Contributions for implementing additional strategies are welcome. See the section on Extending below.

There is existing functionality for creating diagrams (explained below), and the ability to export the R-Tree structure to PostGIS is also in the works.

Setup

This package is available on PyPI and can be installed using pip:

pip install rtreelib

This package requires Python 3.6+.

Usage

To instantiate the default implementation and insert an entry:

from rtreelib import RTree, Rect

t = RTree()
t.insert('foo', Rect(0, 0, 5, 5))

The first parameter to the insert method represents the data, and can be of any data type (though you will want to stick to strings, numbers, and other basic data types that can be easily and succintly represented as a string if you want to create diagrams). The second parameter represents the minimum bounding rectangle (MBR) of the associated data element.

The default implementation uses Guttman's original strategies for insertion, node splitting, and deletion, as outlined in his paper from 1984 [2]. However, the behavior can be customized by either instantiating or inheriting from RTreeBase and providing your own implementations for these behaviors. (Eventually this library will also ship with several ready-made implementations.) See the section on Extending below.

Creating R-tree Diagrams

This library provides a set of utility functions that can be used to create diagrams of the entire R-tree structure, including the root and all intermediate and leaf level nodes and entries.

These features are optional, and the required dependencies are not automatically installed when installing this library. Therefore, you must install them manually. This includes the following Python dependencies which can be installed using pip:

pip install matplotlib pydot tqdm

This also includes the following system-level dependencies:

  • TkInter
  • Graphviz

On Ubuntu, these can be installed using:

sudo apt install python3-tk graphviz

Once the above dependencies are installed, you can create an R-tree diagram as follows:

from rtreelib import RTree, Rect
from rtreelib.util.diagram import create_rtree_diagram


# Create an RTree instance with some sample data
t = RTree(max_entries=4)
t.insert('a', Rect(0, 0, 3, 3))
t.insert('b', Rect(2, 2, 4, 4))
t.insert('c', Rect(1, 1, 2, 4))
t.insert('d', Rect(8, 8, 10, 10))
t.insert('e', Rect(7, 7, 9, 9))

# Create a diagram of the R-tree structure
create_rtree_diagram(t)

This creates a diagram like the following:

R-tree Diagram

The diagram is created in a temp directory as a PostScript file, and the default viewer is automatically launched for convenience. Each box in the main diagram represents a node (except at the leaf level, where it represents the leaf entry), and contains a plot that depicts all of the data spatially. The bounding boxes of each node are represented using tan rectangles with a dashed outline. The bounding box corresponding to the current node is highlighted in pink.
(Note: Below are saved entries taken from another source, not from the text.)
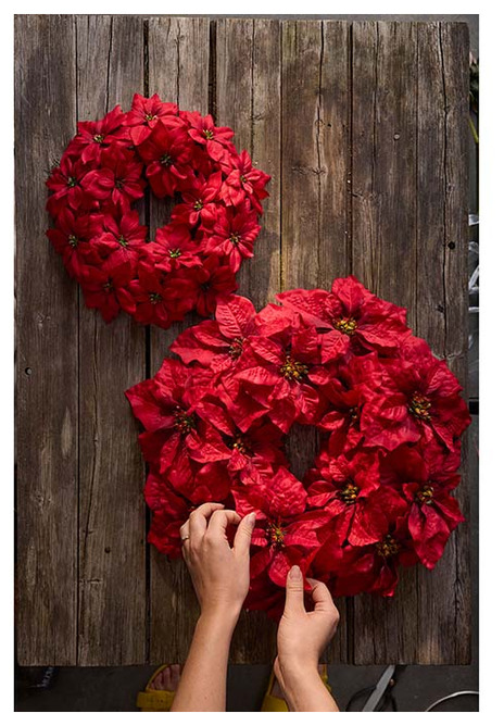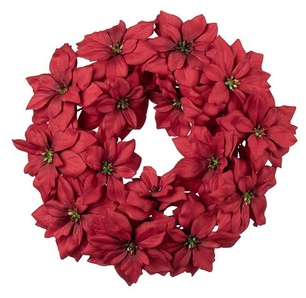 En vacker konstgjord krans fylld med röda julstjärnor som sprider julstämning. Perfekt att hänga på dörren, väggen eller som mittpunkt i en bordsdekoration. De naturtrogna blommorna håller sig lika fina år efter år – utan att vissna eller tappa färg. En tidlös julfavorit som skapar en varm och välkomnande känsla i hemmet.
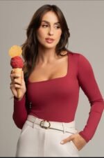 Confeccionada em malha poliamida com toque macio, ela tem modelagem ajustada, que valoriza o corpo com conforto. O decote quadrado traz um charme moderno e refinado, ideal para composições tanto casuais quanto mais elaboradas. Uma peça-chave para todas as estações!
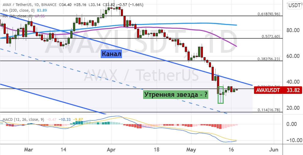 Первой целью и ключевым сопротивлением для котировок AVAX остается уровень $40. Если быкам удастся закрепиться выше него, то дальше альткоин направится вверх к уровню $56 и границам консолидации $74 — $90, в районе которых проходят линии 50-дневной и 200-дневной SMA. В пользу реализации этого сценария торгов указывает сигнал в виде модели теханализа «Утренняя звезда» (обозначена на графике ниже линиями зеленого цвета).

The bounding boxes for the original data entries themselves are depicted in blue, and are labeled using the value that was passed in to insert. At the leaf level, the corresponding data element is highlighted in pink.

The entries contained in each node are depicted along the bottom of the node's box, and point to either a child node (for non-leaf nodes), or to the data entries (for leaf nodes).

As can be seen in the above screenshot, the diagram depicts the entire tree structure, which can be quite large depending on the number of nodes and entries. It may also take a while to generate, since it launches matplotlib to plot the data spatially for each node and entry, and then graphviz to generate the overall diagram. Given the size and execution time required to generate these diagrams, it's only practical for R-trees containing a relatively small amount of data (e.g., no more than about a dozen total entries). To analyze the resulting R-tree structure when working with a large amount of data, it is recommended to export the data to PostGIS and use a viewer like QGIS (as explained in the following section).

Exporting to PostGIS

(This feature is still in development.)

Extending

As noted above, the purpose of this library is to provide a pluggable R-tree implementation where the various behaviors can be swapped out and customized to allow comparison. To that end, this library provides a framework for achieving this.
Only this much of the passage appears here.